• Task description
Everything below from the line with "在会泽县五星乡石龙村云南正绿" through the line with "我的住宿是带早餐的,那么早餐" must be retyped exactly, except the pictures.

• Data block

*** Begin section ***

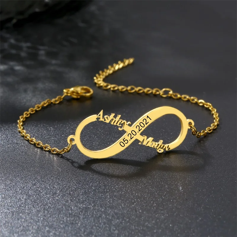 Пользовательское имя бесконечное браслеты для женщин из нержавеющей стали, Индивидуальные персонализированные модные гравируемая буква браслет ювелирные изделия ручной работы
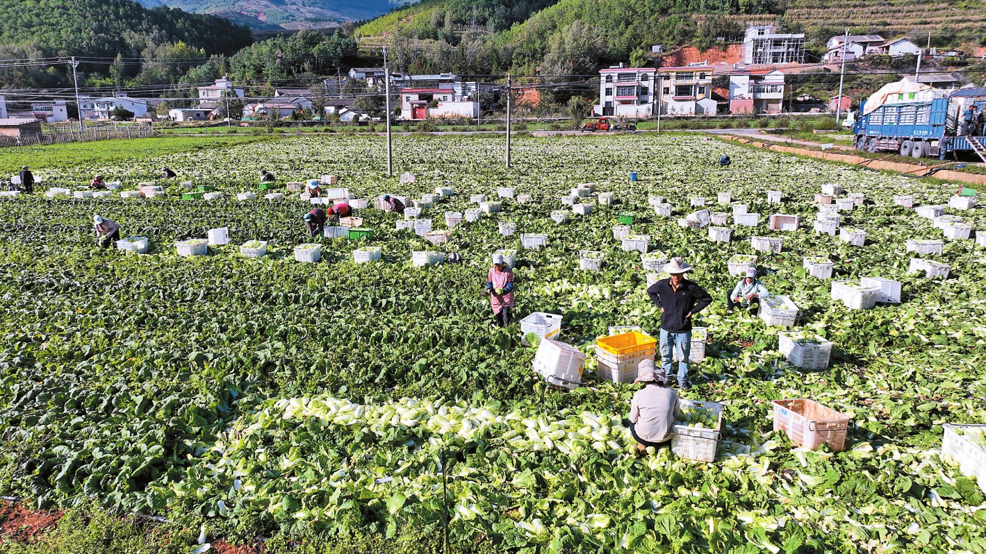 在会泽县五星乡石龙村云南正绿种植有限公司的娃娃菜种植基地里,几十名工人正在忙着采收成熟的娃娃菜。工人们收割装筐、挑运装车,各司其职,忙得不亦乐乎。
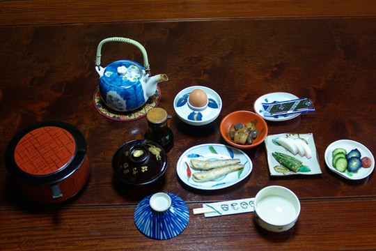 我的住宿是带早餐的,那么早餐又是什么样子的呢?次日上午八点,老太太准时预备好了早餐,在楼下叫我去用餐。这个吃饭的地方同样古色古香,无论食具,食物,还是房间,都是非常传统的式样,精美并且富于内涵,令人大为愉悦。只是我还不习惯盘腿坐,不知道该如何就坐才好。
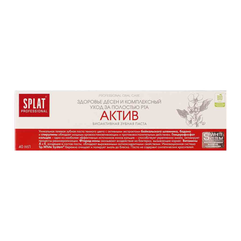 Зубная паста Splat Professional Актив - это идеальное решение для тех, кто ценит заботу о своем здоровье и красоте улыбки. Специально разработанная формула обеспечивает эффективное очищение зубов, защиту от кариеса и освежающее дыхание на длительное время. Благодаря активным компонентам, паста помогает бороться с зубным налетом и предотвращает образование зубного камня. Эта зубная паста подойдет как для ежедневного использования, так и для интенсивного ухода за зубами. Рекомендуется использовать два раза в день для достижения максимального эффекта. Попробуйте Splat Professional Актив уже сегодня и почувствуйте разницу с первого же применения!

*** End section ***

• Answer to this task
 在会泽县五星乡石龙村云南正绿种植有限公司的娃娃菜种植基地里,几十名工人正在忙着采收成熟的娃娃菜。工人们收割装筐、挑运装车,各司其职,忙得不亦乐乎。
 我的住宿是带早餐的,那么早餐又是什么样子的呢?次日上午八点,老太太准时预备好了早餐,在楼下叫我去用餐。这个吃饭的地方同样古色古香,无论食具,食物,还是房间,都是非常传统的式样,精美并且富于内涵,令人大为愉悦。只是我还不习惯盘腿坐,不知道该如何就坐才好。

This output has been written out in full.